No. 1: Aaron Rodgers, QB, Green Bay Packers

| May 3, 2012

We all know the story of Aaron Rodgers and the top of the 2005 NFL Draft. That year was seen as something of a sub-par season for quarterback prospects largely due to the vintage year that preceded it. The San Francisco 49ers with the No. 1 overall choice had to decide between Alex Smith and Aaron Rodgers. They went with Smith, who has never lived up to that lofty expectation. Rodgers slipped all the way to the 24th pick and the Green Bay Packers, where he was selected as the heir apparent to Brett Favre.

Eventually the Packers parted ways with Favre and Rodgers has never looked back. He is the only quarterback in league history to throw for 4,000+ yards in each of his first two seasons as a starter. Not to mention leading the Packers to a Super Bowl at the end of the 2010 season.

Though 2010 ended with a championship ring, 2011 was Aaron Rodgers’ best season to date, and the year in which he made a legitimate case to be the best quarterback in football. Running the Green Bay offense Rodgers was a model of efficiency, completing 68.5% of his passes, throwing for 45 touchdowns and just six interceptions while also leading the league in yards per pass attempt at 9.3.

Rodgers did all this despite having 40 passes dropped by his receivers with game-changing TE Jermichael Finley in particular developing a bad case of the drops. That mark was third in the NFL with both of the players above notching at least 60 more pass attempts. Peyton Manning and Tom Brady were once the unquestioned Top 2 quarterbacks in the NFL. At the very least Drew Brees and Aaron Rodgers have forced their name alongside that pair, and on the basis of 2011 they may well have overtaken them.

From an uncomfortable evening in the green room at Radio City Music Hall, Rodgers has developed into one of the game’s most devastating weapons, and at just 28-years-old, that’s likely to continue for a while. The season that he put together earns Aaron Rodgers the prestigious top spot on the PFF Top 101.

 

Best Game: Week 13 @ New York Giants (+8.9)

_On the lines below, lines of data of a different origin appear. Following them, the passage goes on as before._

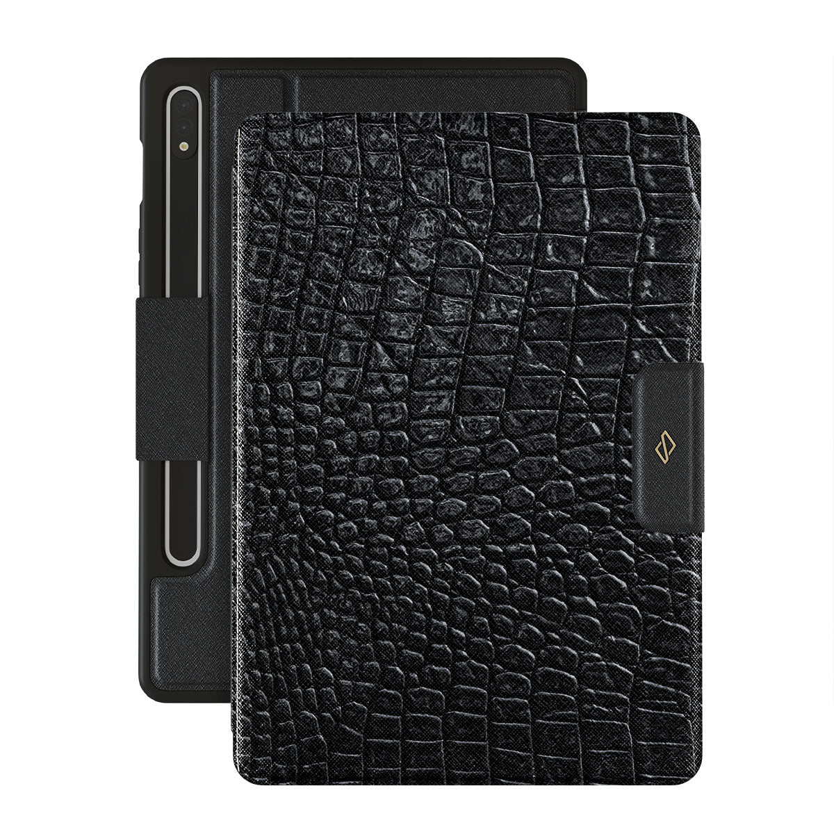 Our Reaper's Touch Samsung Galaxy Tab S8/S7 folio case cover features a classic snakeskin design in dark black. The dangerous animal print will add confidence and a touch of luxury to your style while transforming your Galaxy Tab into a fashion accessory.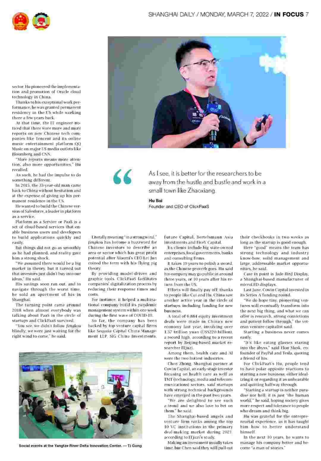 《上海日报》专访沃钱包创始人、、、CEO胡柏,,探究其创业背后的故事!!!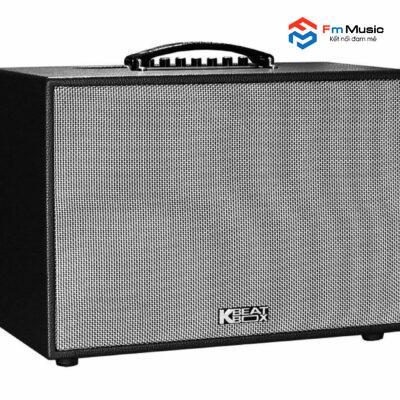 - Thùng loa từ gỗ chắc chắn, bọc da PU và lưới vải màu xám.
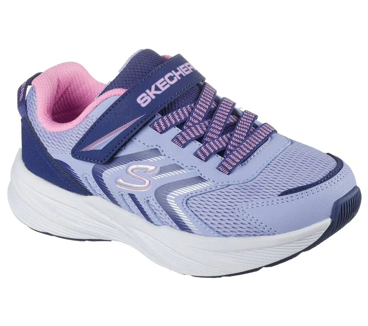 Get active in fun, colorful style wearing Skechers Microspec Tread. This Skechers adaptive closure design features a mesh and synthetic overlay upper with an adjustable instep strap, fixed stretch laces, and a cushioned comfort insole.

This Week 13 game may be remembered as the game that kick-started the Giants’ run to the Super Bowl. A run that ended up going through the Packers in Green Bay. However, it just may have been Rodgers’ best game of the season, even if he had better statistical games. Rodgers finished the game having thrown for 369 yards and four touchdowns on 28 completions, so it certainly wasn’t a poor day statistically. A closer look shows that the real key to the game was the final drive that Rodgers orchestrated.

The Giants had driven down the field late in the game for a game-tying touchdown and two-point conversion, but Rodgers was left with 58 seconds on the clock to move the ball into field goal range. Starting from his own 20-yard-line the Packers opened up in shotgun formation with four receivers spread out. Rodgers drilled a quick-out to Jermichael Finley (despite close coverage) that picked up 24 yards and took just seven seconds off the clock. The next play saw Rodgers deliver a perfect throw down the left sideline to Jordy Nelson that picked up 27 more yards and put the Packers into field goal range. Rodgers threw this pass with two Giants linemen in his face and still put it right in his receiver’s hands. After a swing pass that went nowhere, Rodgers went back to his quick out patterns, hitting Greg Jennings for 18 yards, making the field goal attempt a far more comfortable prospect.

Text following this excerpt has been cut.